Ash disease inspections at 36 Northern Ireland sites
Forest Service officials have visited 36 sites in Northern Ireland linked to the outbreak of ash dieback.
It was announced last week that Chalara ash dieback had been found locally and at present there are five confirmed outbreaks.
In a briefing from officials, the Stormont Agriculture and Rural Development Committee was told all the cases were linked to one source.
This is a Scottish nursery connected to a European supplier.
There are another 15 sites that have symptoms of the disease and officials are waiting for laboratory test results to confirm if dieback is present.
The first confirmed diagnosis in Northern Ireland happened after the person with the infected plant sent it to the authorities in Scotland, who informed the Department of Agriculture in Northern Ireland.
National Trust land at Runkerry on the north coast is one of the sites.
The Chalara ash dieback disease, caused by the fungus Chalara fraxinea, was found in imported ash saplings in counties Down and Antrim.
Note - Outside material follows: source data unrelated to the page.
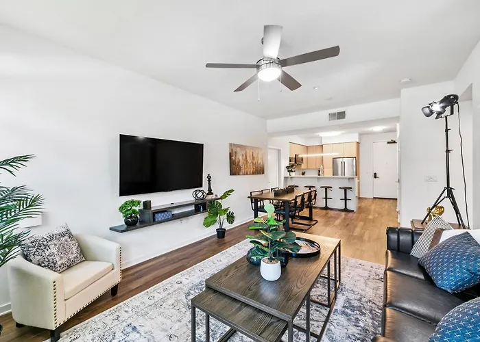 Located 19 minutes' walk from Town and Country Shopping Center, Beverly Grove Chic City Oasis 2 Bedroom Apt With Den 138 Los Angeles hotel offers access to tourist attractions throughout Los Angeles. The aparthotel also boasts a terrace, which comes with a BBQ grill.
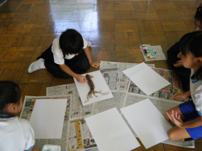 できたイカの絵はどれも迫力があり,イカの質感や色合いなどを上手に捉えることができていました。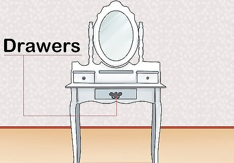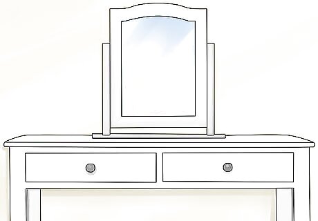 Pick out a table that suits your needs. Almost any type of compact table or desk can be appropriated for this purpose, so explore several different options and go with one that looks the most natural in the space you’re decorating. It’s also worth putting some thought into any additional features you might want, like drawers, cabinets, or built-in lighting elements. The table you choose should be low enough to avoid looking out of place for it’s intended use, but high enough to sit at comfortably. Extra storage space can be a major plus if you have a habit of stockpiling cosmetics or prefer to keep all of your beauty supplies in one place.
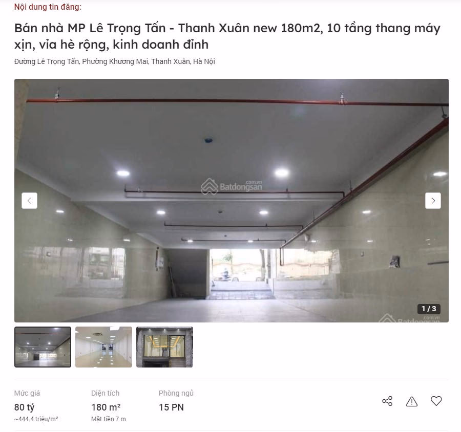 Theo khảo sát trên chuyên trang Batdongsan.com.vn, một tòa nhà tại mặt phố Lê Trọng Tấn - Thanh Xuân có diện tích 180m2 đang được rao bán với giá 444,4 triệu đồng/m2 (tương đương 80 tỷ đồng).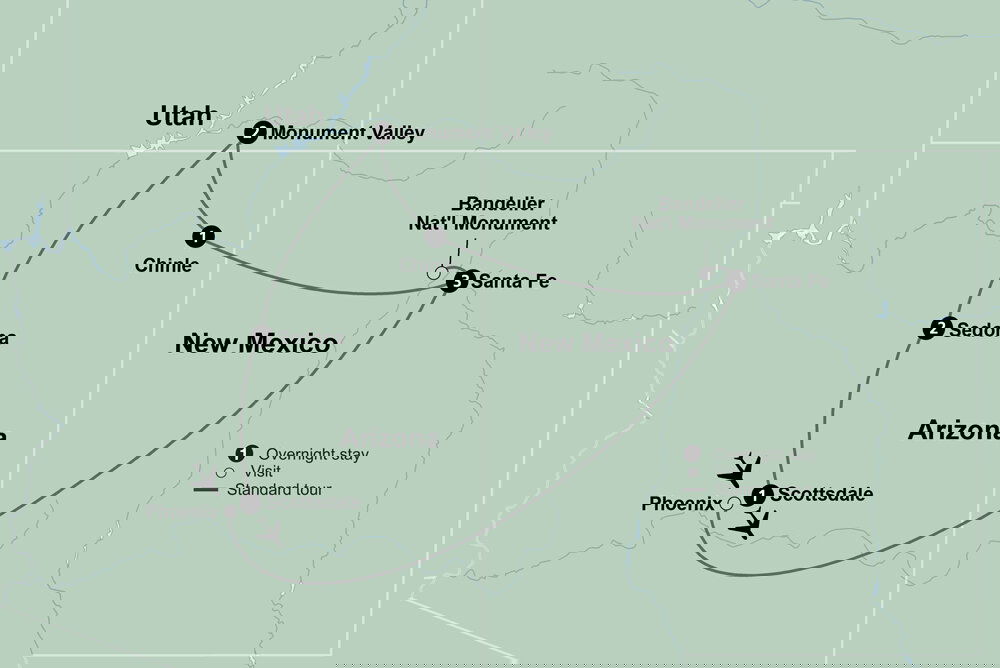 Delve into the spirit of America's Southwest, where striking desert landscapes are interwoven with the rich cultures and histories of Indigenous peoples. Arrive in New Mexico, the "Land of Enchantment," and begin your journey in Santa Fe — the multicultural state capital. With arrival times varying, there are no scheduled activities today. If time allows, you might acquaint yourself with this historically layered city, shaped by Indigenous, Spanish, Mexican, and other influences. Stay: Hilton Santa Fe Historic Plaza (3 Nights)

Symptoms can include brown leaves, lesions, fungi and dark wood.
Statutory notices have been served on the owners of the plantations requiring affected plants to be destroyed.
The disease has infected some 90% of the species in Denmark, and is threatening the UK's ash population. It has also been discovered in the Irish Republic.
The first confirmed case in the UK was recorded at a nursery in Buckinghamshire in March 2012.
A ban on ash imports and the movement of trees from areas with confirmed cases of dieback came into force on 29 October.
The Forestry Commission in Great Britain has issued guidance on how to identify the disease.